The data Start Marker

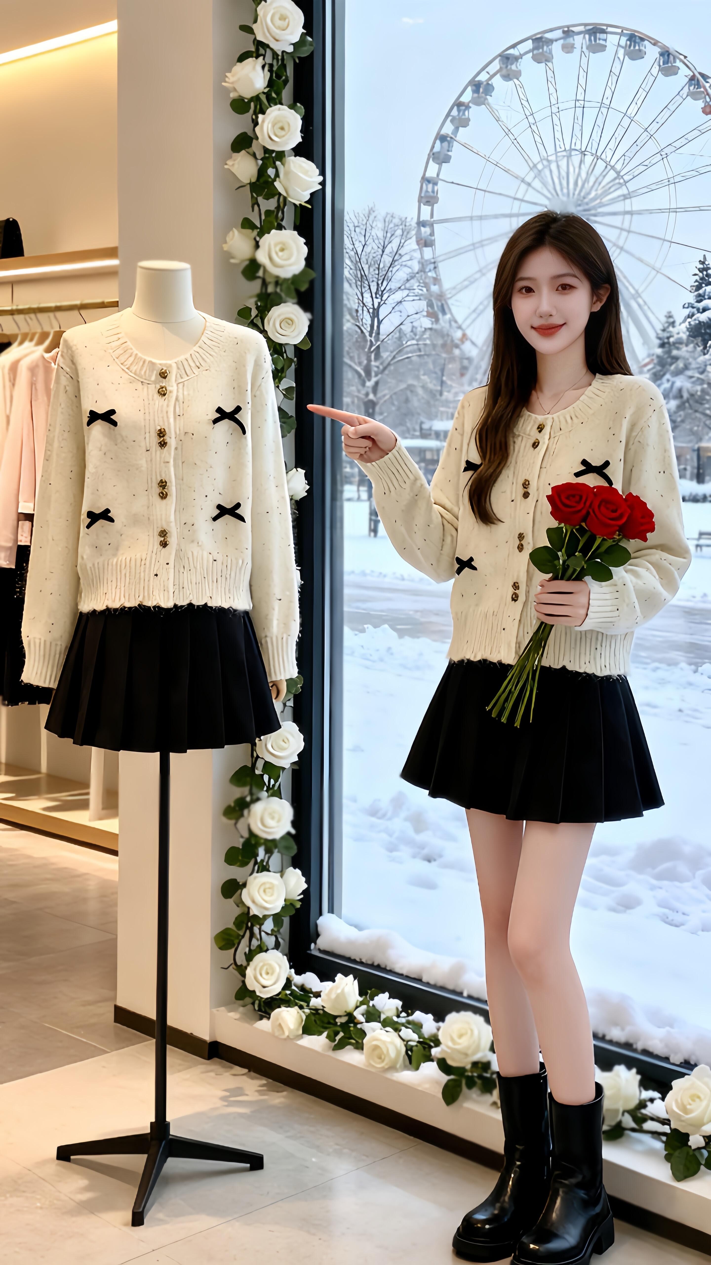 冬日ootd美式复古穿搭配一整套巨好看的超火韩系毛衣两件套装裤女
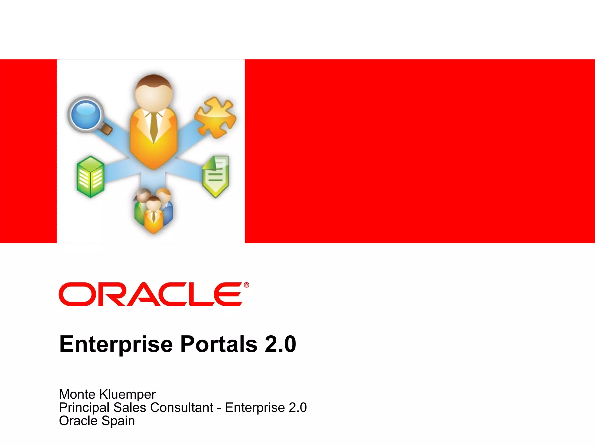 The document discusses how enterprise portals have evolved with the rise of Web 2.0. It describes how users now expect to generate and share their own content, provide feedback, and mashup data and components. It also outlines Oracle's enterprise 2.0 strategy to infuse Web 2.0 technologies into existing systems to transform how users work within companies by providing information in context and enabling participation. Key elements of Oracle's strategy include its WebCenter Suite, content management tools, and collaborative services to deliver a user-centric platform.
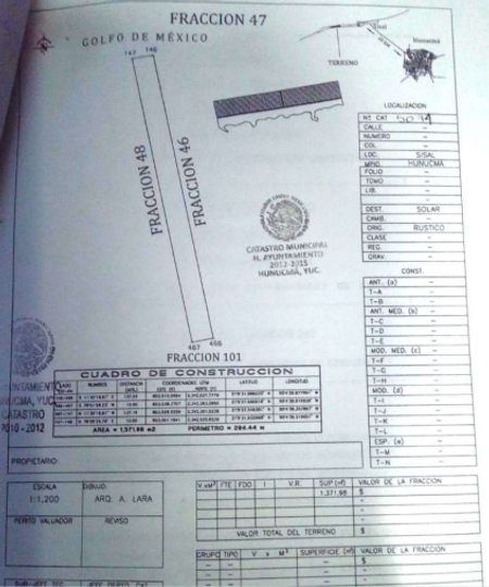 El Terreno esta frente al mar con 10 metros lineales de frente X 137 metros de fondo. Siendo una superficie total de 1,370 m2

The data End Marker

• **Assignment**
Starting at the line that contains "The document discusses", write out exactly each line through the last one in the listing above, leaving out the pictures and adding nothing else.

• **Exercise answer**
 The document discusses how enterprise portals have evolved with the rise of Web 2.0. It describes how users now expect to generate and share their own content, provide feedback, and mashup data and components. It also outlines Oracle's enterprise 2.0 strategy to infuse Web 2.0 technologies into existing systems to transform how users work within companies by providing information in context and enabling participation. Key elements of Oracle's strategy include its WebCenter Suite, content management tools, and collaborative services to deliver a user-centric platform.
 El Terreno esta frente al mar con 10 metros lineales de frente X 137 metros de fondo. Siendo una superficie total de 1,370 m2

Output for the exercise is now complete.